The notion that a Pakistani government controlled by Islamic fundamentalists would be the greatest danger to the United States and its allies that exists anywhere in the world somehow always seems to get swept under the rug in some measure, I suspect, because it is such a delicate issue as far as the Pakistanis are concerned. They are paranoid that the United States is going to try and control their weapons because, as I said before, they want to have some kind of military equity vis-a-vis India. But Pakistan is the issue.
I'm sure that some little old lady, somewhere, is scared stiff right now.
SHAME on you, Ted Koppel, you pompous disingenuous ass!
Now, let's see what folks who actually know this part of the world have to say, such as Juan Cole and Shahan Mufti, being interviewed by Bill Moyers:
SHAHAN MUFTI: I think you're right on. And I think it's problematic because this really harks back to the period right before the Iraq War, as well, where there was this hype that Iraq had weapons of mass destruction.
We were- we could have been convinced in a second that Iraq was about to use them. And it's unfortunate that the press did play its part in that problem. And the press is, once again I think, playing its unfortunate part where it is relaying all of these opinions that are coming from intelligence sources or whatever, and ruling this as information. And all of a sudden we're seeing the same sort of almost hysteria.
BILL MOYERS: Do you agree with Shahan, that you're seeing a repeat of the-
JUAN COLE: Yes. Yes.
BILL MOYERS: -official propaganda being disseminated as news?
JUAN COLE: Yes. I think that's exactly what's going on. I mean, especially with regard to the nuclear issue. There is no way on God's green earth that these scruffy tribal fundamentalists, in the North-West Frontier Province, are having anything to do with Pakistan's nuclear weapons. Which, by the way, are stored in secret places, and they're not assembled. And assembling them is a complicated process which requires various high-level military and civilian authorizations. And to put that nuclear issue front and forward is just a way of scaring the American public and putting pressure on Pakistan to do something they didn't want to do.

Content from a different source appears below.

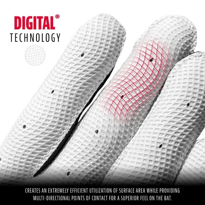 Technologia Tri-Curve sprawia, że rękawiczki zachowują naturalny kształt dłoni, zapewniając idealne dopasowanie i swobodę ruchów. Charakterystyczny motyw cyfrowego camo nadaje im sportowy i nowoczesny wygląd – dokładnie taki, jaki noszą zawodnicy MLB.

On his own blog (listed on the Dkos front page) Juan Cole is not frightened a bit:
The Pakistani Taliban are largely a phenomenon of the Federally Administered Tribal Areas west of the North-West Frontier Province, and of a few districts within the NWFP itself. These are largely Pushtun ethnically. The NYT's breathless observation that there are Taliban a hundred miles from Islamabad doesn't actually tell us very much, since Islamabad is geographically close to the Pushtun regions without that implying that Pushtuns dominate or could dominate it. It is like saying that Lynchburg, Va., is close to Washington DC and thereby implying that Jerry Falwell's movement is about to take over the latter.
The Pakistani Taliban amount to a few thousand fighters who lack tanks, armored vehicles, and an air force.
The Pakistani military is the world's sixth largest, with 550,000 active duty troops and is well equipped and well-trained. It in the past has acquitted itself well against India, a country ten times Pakistan's size population-wise. It is the backbone of the country, and has excellent command and control, never having suffered an internal mutiny of any significance.
So what is being alleged? That some rural Pushtun tribesmen turned Taliban are about to sweep into Islamabad and overthrow the government of Pakistan? Frankly ridiculous. Wouldn't the government bring some tank formations up from the Indian border and stop them?